After putting it off for, oh, ten years, we finally had a lawn sprinkler system installed. An important component is the backflow preventer, which prevents stuff from the garden from making its way back up the system into our indoor plumbing.
Well, there should be a backflow preventer between contract drafting and dispute resolution. Doctrinal terms of art that have evolved for resolving disputes have no bearing on how to clearly articulate meaning in a contract, so they shouldn’t be allowed to creep back upstream into the contract-drafting process.
For example, I don’t give a fig that Chitty on Contracts (an English text) distinguishes between promissory conditions and contingent conditions. And I have no use for the three pages devoted to “condition” and its variants in Black’s Law Dictionary. All such terminology has been cobbled together over centuries by judges of varying talents in varying jurisdictions in the course of handling countless different disputes.
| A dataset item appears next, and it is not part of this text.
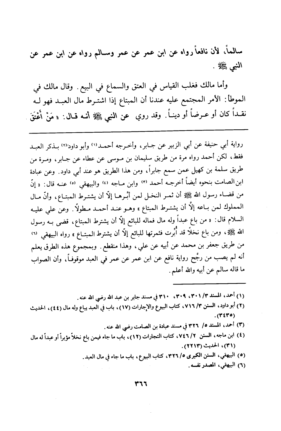 رواية أبي حنيفة عن أبي الزبير عن جابر، وأخرجه أحمد وأبو داود بذكر العبد فقط، لكن أحمد رواه مرة من طريق سليمان بن موسى عن عطاء عن جابر، ومرة من طريق سلمة بن كهيل عمن سمع جابرًا، ومن هذا الطريق هو عند أبي داود. وعن عبادة بن الصامت بنحوه أيضًا أخرجه أحمد وابن ماجه والبيهقي عنه قال: "إنَّ من قضاء رسول الله - صلى الله عليه وسلم - أن ثمر النخل لمن أبَّرها إلَّا أن يشترط المبتاع، وأن مال المملوك لمن باعه إلَّا أن يشترط المبتاع" وهو عند أحمد مطولًا. وعن علي -عليه السلام- قال: "من باع عبدًا وله مال فماله للبائع إلَّا أن يشترط المبتاع، قضى به رسول الله - صلى الله عليه وسلم -، ومن باع نخلًا قد أُبِّرت فثمرتها للبائع إلَّا أن يشترط المبتاع" رواه البيهقي من طريق جعفر بن محمد عن أبيه عن علي، وهذا منقطع. وبمجموع هذه الطرق يعلم أنه لم يصب من رجَّح رواية نافع عن ابن عمر عن عمر في العبد موقوفًا، وأن الصواب ما قاله سالم عن أبيه والله أعلم.

The resulting mish-mash has no bearing on how to articulate clearly the elements of a transaction.
So when it comes to conditions, all I care about is the three different ways to express conditions and why it’s important to distinguish between conditions and obligations.
By the way, this post and yesterday’s represents and warrants post aren’t a sign that I’ve become some sort of radical. Instead, they represent just another incremental step in my stripping the superstition from contract language. I understand that you might not be comfortable with all my conclusions, but that doesn’t have any bearing on their validity, until such time as you show me that I’m wrong.